Das LG wies die Klage ab. Die Beru­fung der Klä­ger vor dem OLG blieb erfolg­los. Die Beschlüsse des OLG sind rechts­kräf­tig.

Die Gründe:
Die Klä­ger haben gegen­über der Beklag­ten kei­ner­lei Scha­dens­er­satz­an­sprüche.

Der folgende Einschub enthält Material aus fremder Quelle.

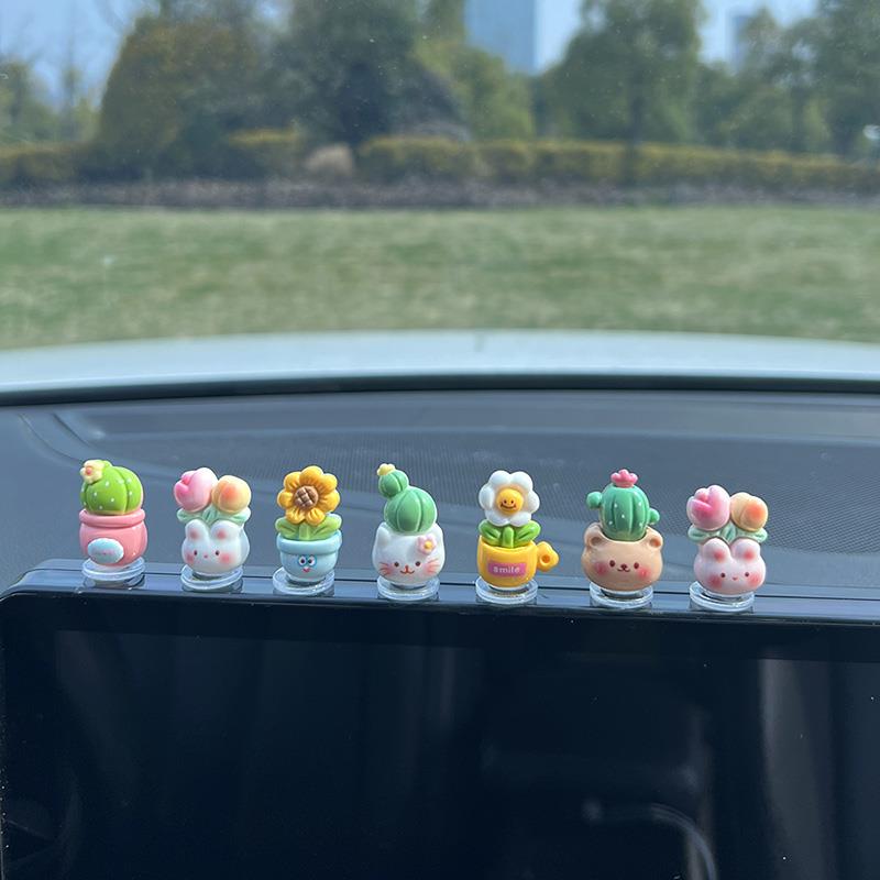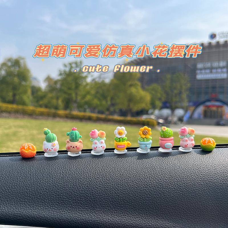 新款 饰大全 可爱彷真小花盆汽车摆件车载中控台女生车内用品配件装

Der Beklag­ten konnte keine für den Scha­den der Klä­ger ver­ant­wort­li­che Pflicht­ver­let­zung vor­ge­wor­fen wer­den. Nach § 11 ENWG ist ein Bet­rei­ber von Ener­gie­ver­sor­gungs­net­zen zwar verpf­lich­tet das Netz sicher zu bet­rei­ben und zu war­ten. Die Pflicht besteht aber nur, soweit dies wirt­schaft­lich zumut­bar ist. Die Norm ver­langt vom Bet­rei­ber keine nicht anlass­be­zo­ge­nen, regel­mä­ß­i­gen gene­rel­len Kon­trol­len der erd­ver­leg­ten Strom­ka­bel. Sch­ließ­lich ist ein Frei­le­gen der Kabel zum Zweck ihrer Kon­trolle wirt­schaft­lich nicht zumut­bar. Das gilt eben­falls für eine Kon­trolle mit­tels Iso­la­ti­ons­mes­sun­gen.

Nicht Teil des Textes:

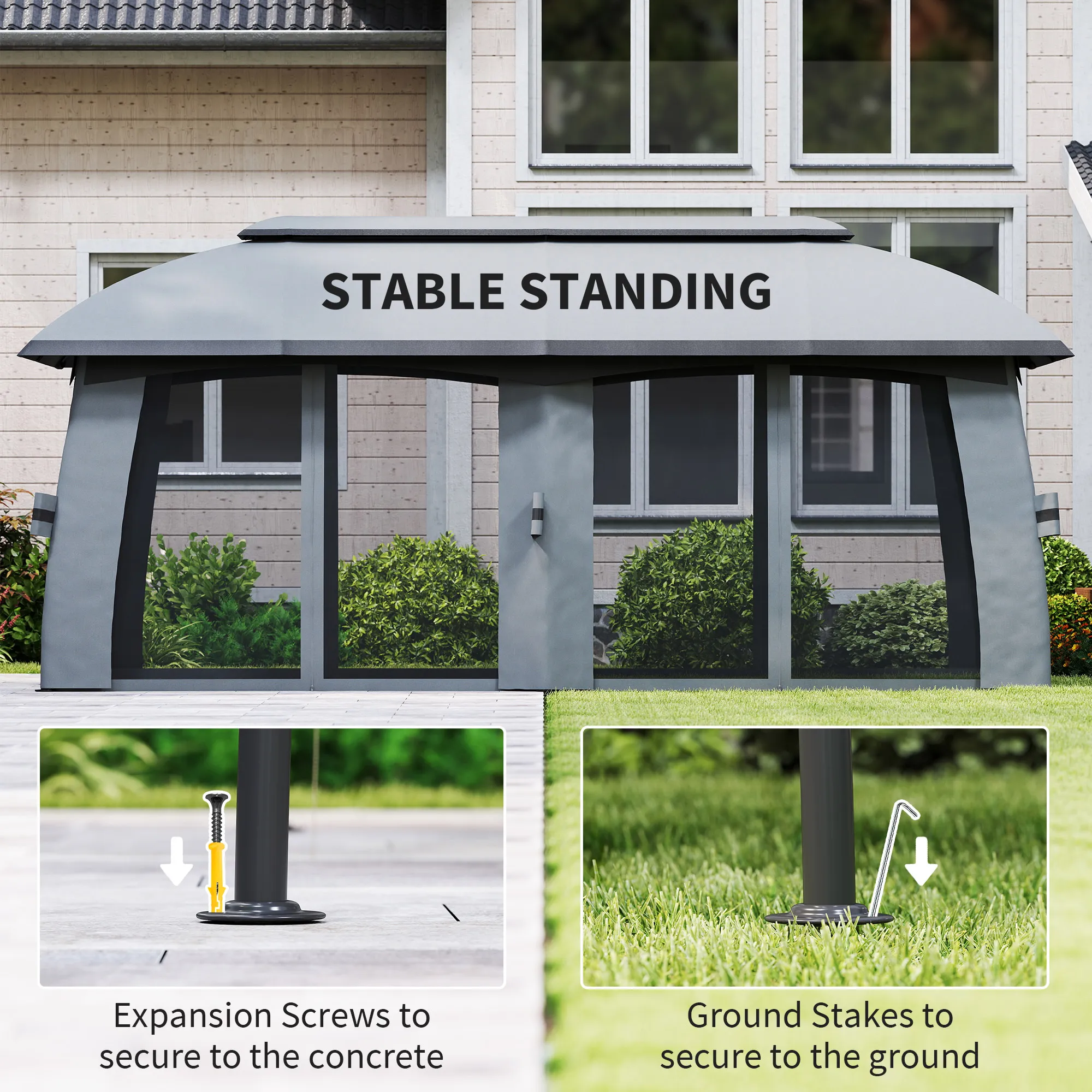 The modern design of the gazebo adds a touch of sophistication to your outdoor area, elevating the overall aesthetic of your garden, patio, or commercial space.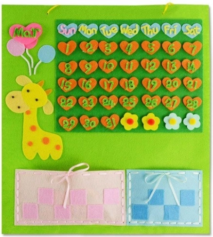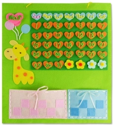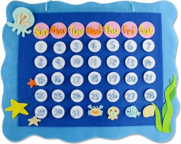 Dětský filcový kalendář s přehlednými dny v týdnu a čísly podporuje poznávání času a každodenní rutiny formou hry.

Die Beklagte haf­tete im vor­lie­gen­den Fall auch nicht, weil sie es ver­säumt hatte, die Klä­ger auf die Gefah­ren­lage hin­zu­wei­sen. Über den Umfang der bei den Klä­gern kon­k­ret erfor­der­li­chen Siche­rungs­maß­nah­men musste die Beklagte nicht infor­mie­ren. Die Annahme einer der­ar­ti­gen Auf­klär­ungspf­licht ist zu weit­rei­chend, weil sie von den beim jewei­li­gen Kun­den vor­han­de­nen tech­ni­schen Gerä­ten abhängt. Außer­dem hat­ten die Klä­ger bereits nicht aus­rei­chend dar­ge­tan, dass sie in Kennt­nis der Gefah­ren­lage auf eigene Kos­ten Über­span­nungs­schutz­maß­nah­men instal­liert hät­ten.